There is recognition both of current inequality and division, but also of the need for people to come together and create consensus on how to move forward.

And people are coming together to show solidarity, or community spirit, or shared humanity.  From the rise in the number of individuals joining political parties, campaigning and protest groups, to the #SafetyPin campaign showing solidarity with immigrants, to the crowd funding campaign in Norwich, which raised £30,000 for victims of a race hate attack on an Eastern European shop, people are coming together.  Since the May 2015 general election membership of the Labour Party has risen from under 200 000 members to over 500 000, and it’s not unreasonable to assume that at least some of these have joined in the hope of fighting for ‘a kinder politics and a more caring society’.

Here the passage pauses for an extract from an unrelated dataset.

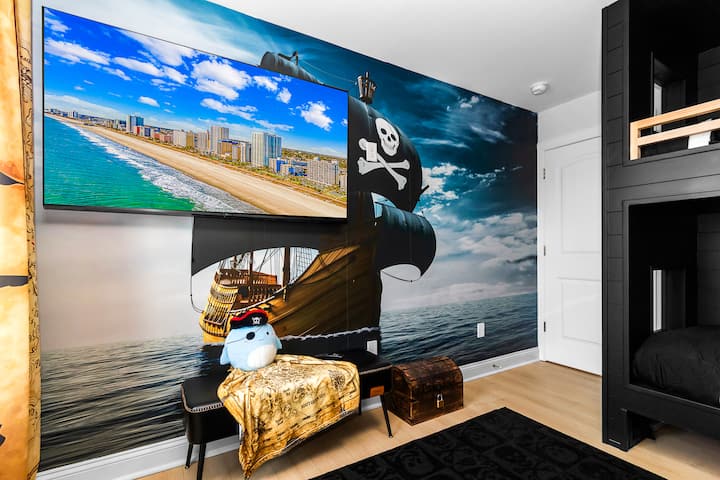 Нашето семејство негува извонредни доживувања за одмор. Инспирирана од ова, SeaBreeze Cottage има соба на тема аквариум со LED светилки, создавајќи подводна авантура. Тропскиот амбиент во дневната соба, забавната фотографија од стол за спасување и гаражата полна со активности на плажа придонесуваат за ова извонредно искуство. Се радуваме што ќе создадете трајни сеќавања во нашиот дом. Споделете ги вашите моменти на социјалните мрежи за да станете дел од нашата приказна.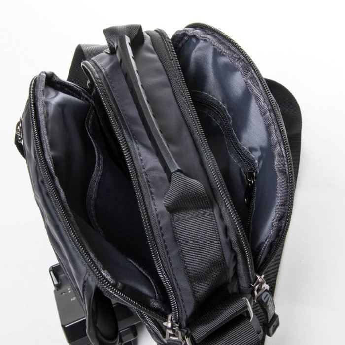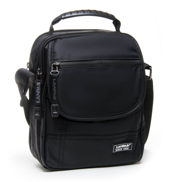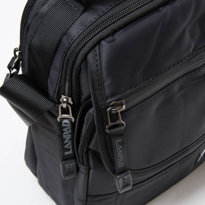 Чоловіча сумка Lanpad. Два відділення, що закриваються на блискавку. Усередині відділення розташована кишеня на блискавці та відкрита кишеня. На фасаді на клапані та під клапаном знаходиться велика кишеня на блискавці. На звороті є кишеня на блискавці. Регульований плечовий ремінь.

Last week teachers at a local primary school took children out on to the high street armed with cupcakes and flowers.  These gifts were distributed randomly to people in the streets and working in the shops, and each had a label attached stating that the recipient had received a random act of kindness from the pupils at the school.   Danny Dorling suggested, in a paper presented at the British Medical Sociology Conference in September 2015, that it is the young who are bearing the brunt of the austerity, uncertainty and division that we are being bombarded with and that it is the young who are beginning to fight back.   While protest, campaigning and political organisation are at the heart of this, a cupcake and a flower are symbolic steps in the right direction.